Another significant contribution of the present study was its examination of the potential moderating effect of cognitive appraisal when accounting for the interaction between state anxiety and attentional bias. We found that cognitive appraisal moderated the influence of attentional bias on state anxiety under the stressful condition, but not the opposite influence, in Experiments 3 and 4. Therefore, H3 was partially supported. Considering both the findings of the four experiments and previous theoretical perspectives (Bar-Haim et al., 2007; Beck, 1976; Eysenck, 1992; Mathews & MacLeod, 2002; Van Bockstaele et al., 2014; Williams et al., 1997), it is reasonable to propose a positive feedback loop between state anxiety and attentional bias, which is moderated by cognitive appraisal; this is shown in Fig. 7. First, the results suggest that attention training can be used to reduce state anxiety, and is thus helpful in relieving state anxiety. At the same time, for individuals with state anxiety, two key factors affect the positive feedback loop of state anxiety and attentional bias: One is stressful conditions, and the other is cognitive appraisal. It is known that most of the objective stressful condition is beyond our control, but cognitive appraisal as an important personal coping resource could regulate the anxiety experience. This finding provides empirical evidence for relieving state anxiety by adjusting cognitive appraisal, which is consistent with rational emotive behavior therapy and cognitive–behavioral therapy (Beck, 1976, 1993; Ellis, 1971).

Fig. 7
figure 7

Unidirectional moderating effect of cognitive appraisal in the interaction between state anxiety and attentional bias

The results from our work also identify a number of important directions for future research. First, in our experiments, we measured only two kinds of cognitive appraisal: for wellbeing and physical health. In fact, the cognitive appraisal proposed by Folkman et al. includes both primary appraisal and secondary appraisal (Folkman, Lazarus, Dunkel-Schetter, et al., 1986; Folkman, Lazarus, Gruen, & Delongis, 1986). Future work should examine the role of other forms of cognitive appraisal in the interaction between state anxiety and attentional bias, to verify the generalizability of the findings in the present study. Second, to dismantle the feedback loop pattern of anxiety disorders or trait anxiety and attentional bias, we recruited research samples from among normal people. The normal people did not suffer from the positive feedback loop of anxiety and attentional bias; hence, it was possible to examine the interaction between (state) anxiety and attentional bias through an experimental manipulation. However, in so doing, we were unable to observe whether cognitive appraisal plays a role in individuals with anxiety disorders or trait anxiety similar to the one it plays in individuals without anxiety disorders or trait anxiety. Future studies should also include individuals with anxiety disorders or trait anxiety, to explore the generalizability of the model shown in Fig. 7.

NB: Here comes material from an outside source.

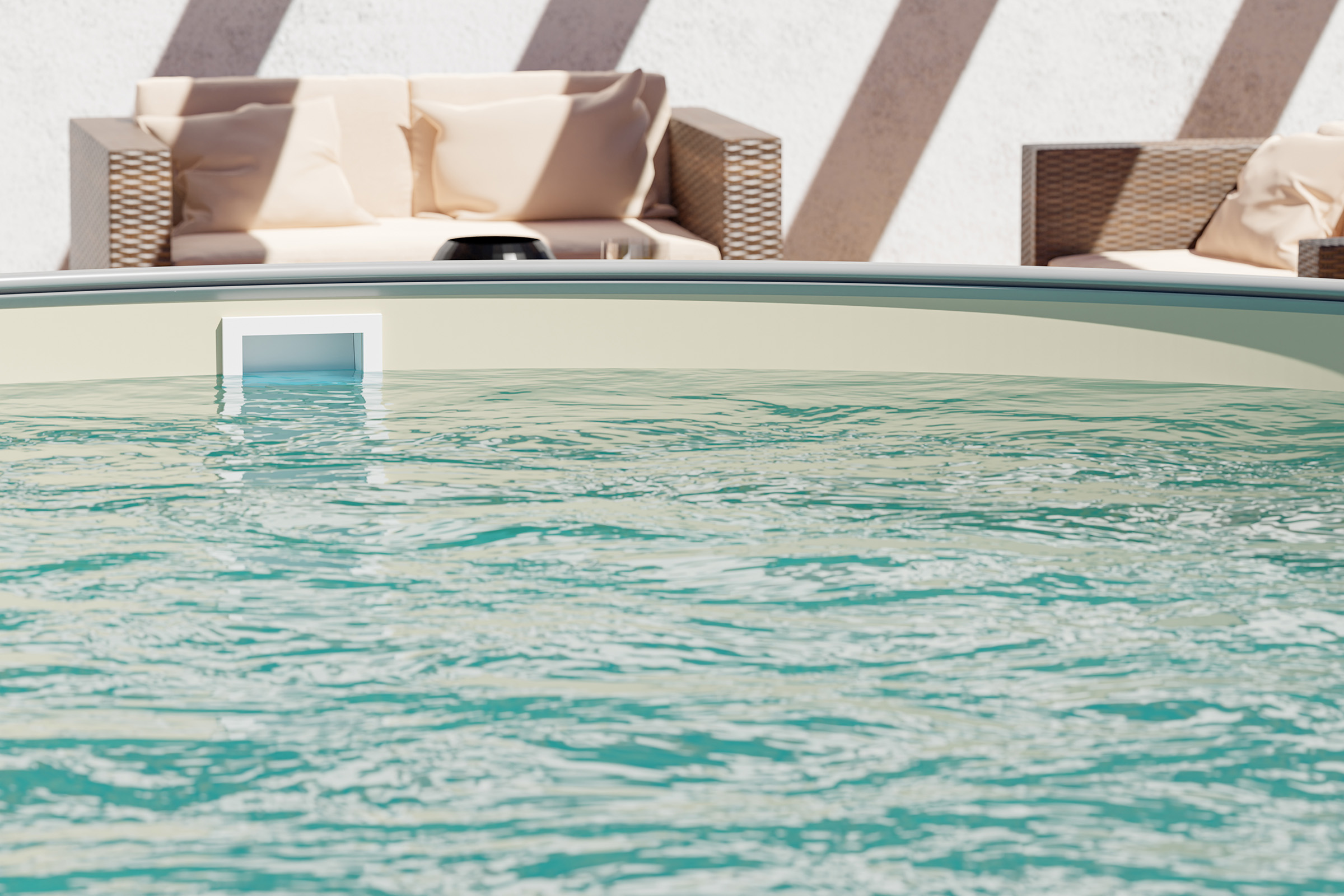 Die Beckenwand besteht aus einem hochwertigen, feuerverzinkten Stahlmantel, außen mit weißem Kunststoff beschichtet und innen mit Schutzlack versehen. An den Enden wird die Stahlwand mittels Aluminium-Steckprofil verbunden, wodurch eine stabile und einfach lösbare Verbindung entsteht.

In conclusion, the present study provides evidence suggesting that the interaction between state anxiety and attentional bias is bidirectional—that is, that state anxiety increases attentional bias, and vice versa. However, cognitive appraisal only moderates the influence of attentional bias on state anxiety, rather than the reverse. There are two implications of our findings: First, we provided empirical evidence of the interaction between state anxiety and attentional bias through our experimental manipulations; second, we offer insight into the moderating effect of cognitive appraisal on the influence of attentional bias on state anxiety, but not on the reverse influence, which provides direct evidence for relieving state anxiety by adjusting cognitive appraisal.